§ **REQUIREMENT**
Exactly the lines from the one containing "Place a pancake" through the end of the listing must make up the answer, with no pictures included.

§ **INFORMATION SUPPLIED**

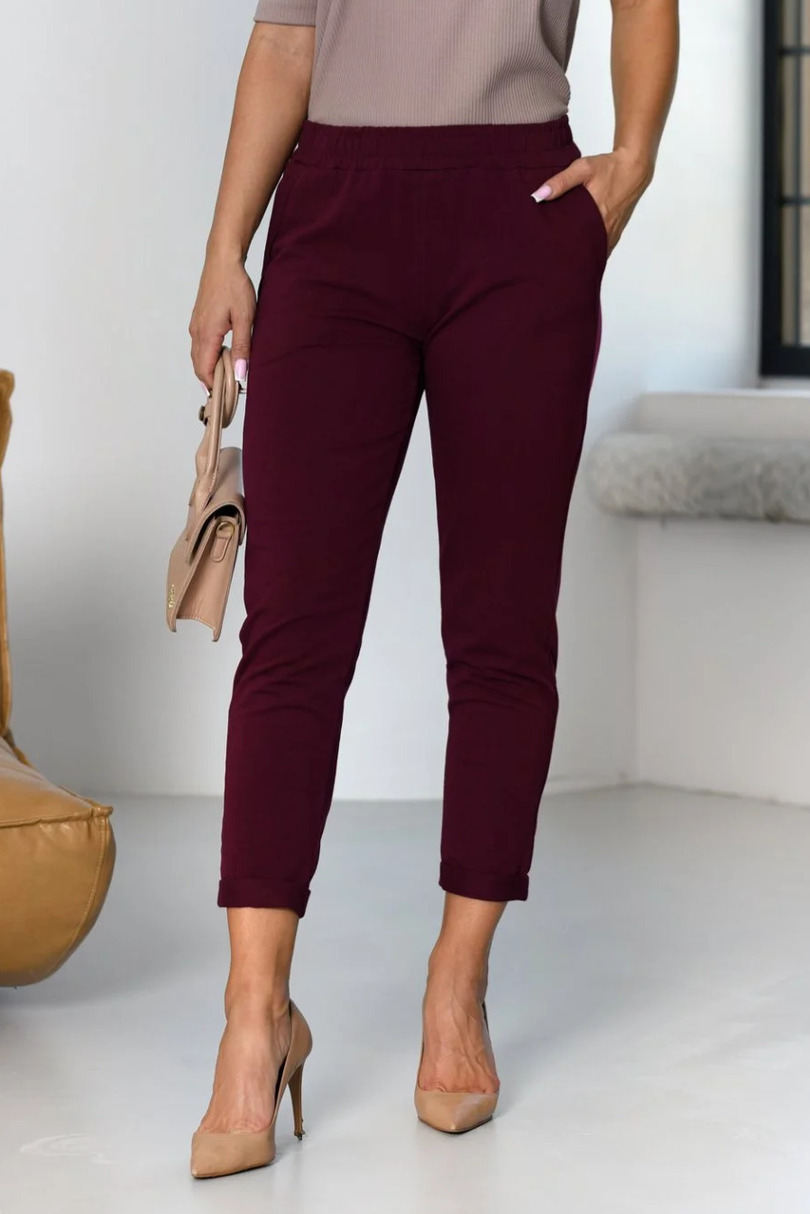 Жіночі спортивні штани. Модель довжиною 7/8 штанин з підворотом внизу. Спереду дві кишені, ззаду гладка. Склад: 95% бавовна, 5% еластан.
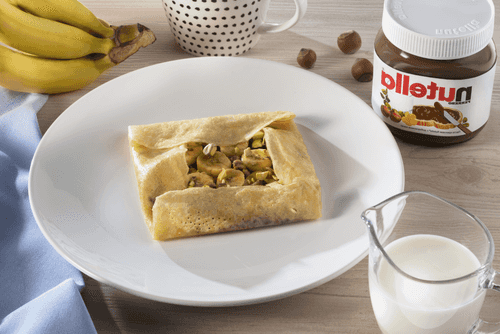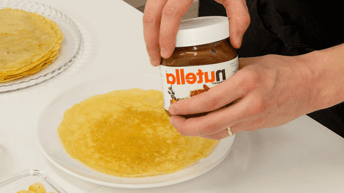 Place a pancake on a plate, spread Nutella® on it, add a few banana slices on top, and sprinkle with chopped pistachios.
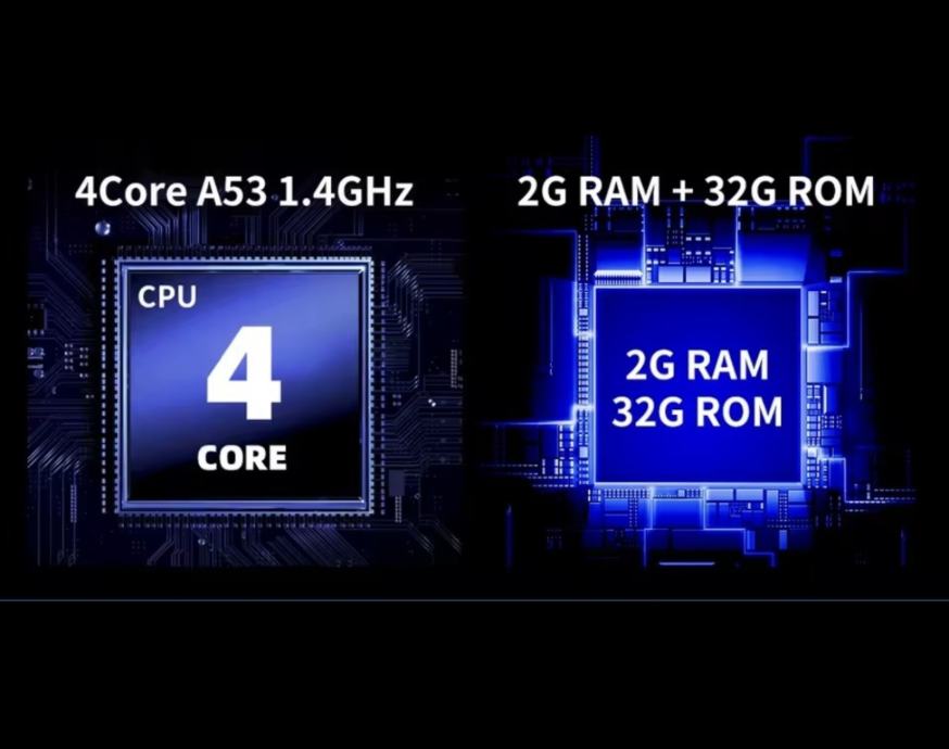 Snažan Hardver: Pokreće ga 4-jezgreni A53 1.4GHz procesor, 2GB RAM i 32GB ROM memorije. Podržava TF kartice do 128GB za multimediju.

§ **COMPLETED TASK**
 Place a pancake on a plate, spread Nutella® on it, add a few banana slices on top, and sprinkle with chopped pistachios.
 Snažan Hardver: Pokreće ga 4-jezgreni A53 1.4GHz procesor, 2GB RAM i 32GB ROM memorije. Podržava TF kartice do 128GB za multimediju.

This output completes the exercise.